In Slovakia, we do not have statistics to show whether murdered women contacted the police or sought protection in other ways before they died. However, media stories have repeatedly told of partner violence that ended fatally even though the police or the courts were already involved in the case.

Slovenian researcher Jasna Podreka, in her femicide study, found that up to a third of Slovenian women who were later killed by their partners had told the authorities about their abuse. The latter failed to recognise the danger or directly downplayed the woman’s fear for her life. Podreka believes that social workers, judges and magistrates, in addition to police officers, should be given better training.

There is also a lack of professionals who can work with offenders, focusing on their specific personality and behaviour. In fact, Slovenia is in a similar situation to Slovakia when it comes to working with perpetrators – only one organisation does it and its trainings are voluntary.

And, like Slovakia, Slovenia also has a problem protecting women and children who have managed to walk away from their abuser. For example, a couple may be forced to keep seeing each other even after a divorce, or a rapist may be released from prison without his victim being informed. Or the police might not check a restraining order properly. Each year in Slovenia, a third of restrained offenders break their injunction, and there have been tragic cases where a man has killed his partner while a restraining order was in force.

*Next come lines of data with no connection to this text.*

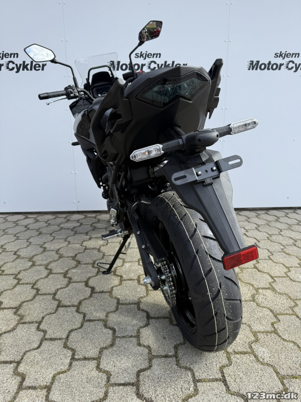 Versys 650 er udstyret med ABS-bremser og TCS (traction control) for tryg og kontrolleret kørsel, gearindikator og slipper kobling for mere flydende gearskift samt LED forlygte og LED baglygte for optimal synlighed. Den elektroniske indsprøjtning sikrer effektiv og responsiv motorydelse – ideelt til både bykørsel og landeveje. Denne model kan også køres med A2-kørekort, hvilket gør den attraktiv for en bred målgruppe.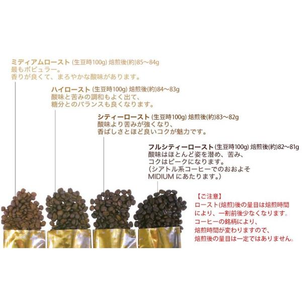 【ご注意】 ロースト(焙煎)後の量目は焙煎時間により、一割前後少なくなります。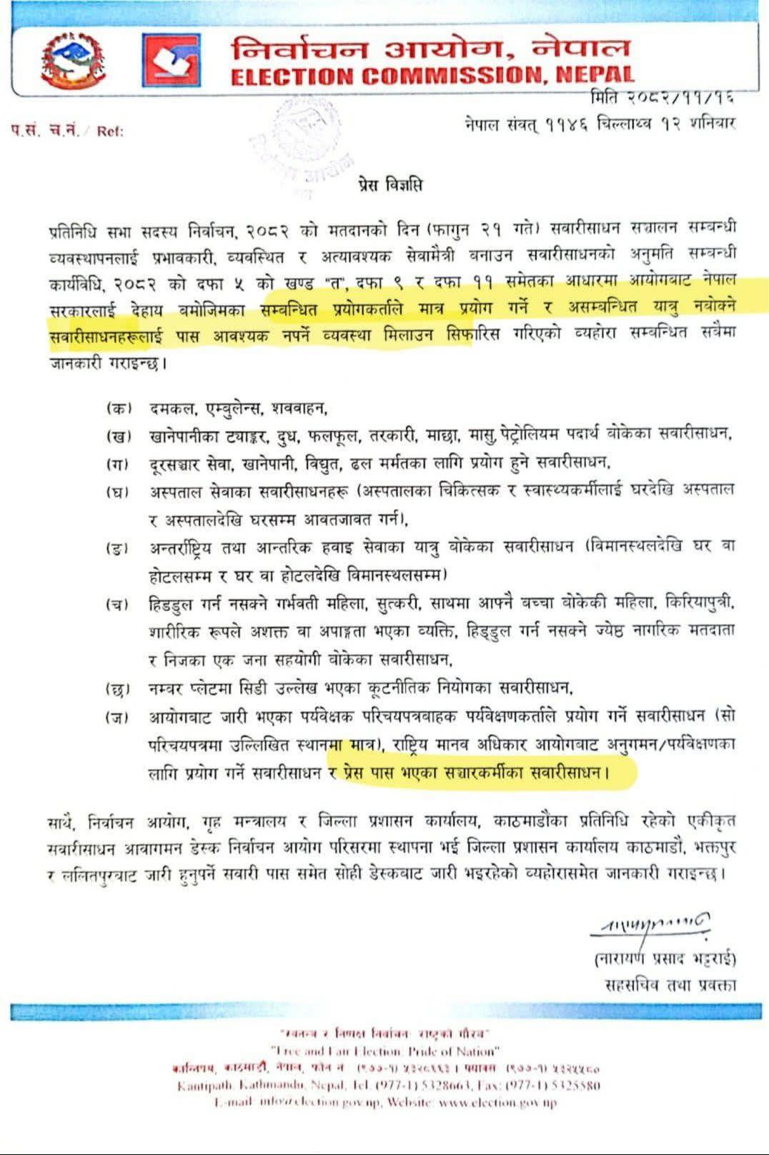 प्रतिनिधि सभा सदस्य निर्वाचन, २०८२ को मतदानको दिन (फागुन २१ गते) सवारीसाधन सञ्चालन सम्बन्धी व्यवस्थापनलाई प्रभावकारी, व्यवस्थित र अत्यावश्यक सेवामैत्री बनाउन सवारीसाधनको अनुमति सम्बन्धी कार्यविधि, २०८२ को दफा ५ को खण्ड “त”, दफा ९ र दफा ११ समेतका आधारमा आयोगबाट नेपाल सरकारलाई देहाय बमोजिमका सम्बन्धित प्रयोगकर्ताले मात्र प्रयोग गर्ने र असम्बन्धित यात्रु नबोक्ने सवारीसाधनहरूलाई पास आवश्यक नपर्ने व्यवस्था मिलाउन सिफारिस गरिएको व्यहोरा सम्बन्धित सबैमा जानकारी गराइन्छ।

We have similar cases in Slovakia. Probably the most notorious was the murder of a mother of seven children from Orava. She was beaten by her husband in November 2022 in their home, which he had been forbidden to enter.

Notes on the data:

  • Most of the data were provided to Denník N by lawyer Barbara Burajová of the Coordination and Methodology Center for Gender-Based and Domestic Violence (KMC), who combined police statistics with her own research. The data collection was carried out as part of a project of the European Data Journalism Network, which involved newsrooms from 28 European countries.
  • The police data show the number of prosecutions launched. The Slovak police do not record the number of reported offences, so it is not possible to say how many women have reported, for example, rape or domestic violence. The figures used in the text therefore do not show the actual number of victims, but only the acts in which criminal prosecutions have been initiated.
  • In the text, we mention the terms “partner violence” or “murder by a partner”. They include all acts in which the perpetrator was the spouse, former spouse, partner or former partner of the victim.
  • All cases involve women over the age of 19 because that is the data collected by the police.
  • The figures include premeditated and attempted offences. For cases of murder, this means that the number of acts may not be the same as the number of women who lost their lives as a result. We decided to include and interpret this data, since we do not have more precise numbers.
  • In the way that acts are recorded, an offender can be prosecuted for two offences at the same time – for example, rape and assault. His victim will therefore be reported twice in the statistics, even if both acts were committed against the same person.
  • The figures are distorted by the statistical category of “group”, where there are multiple victims who are not recorded separately by sex or by relationship to the perpetrator.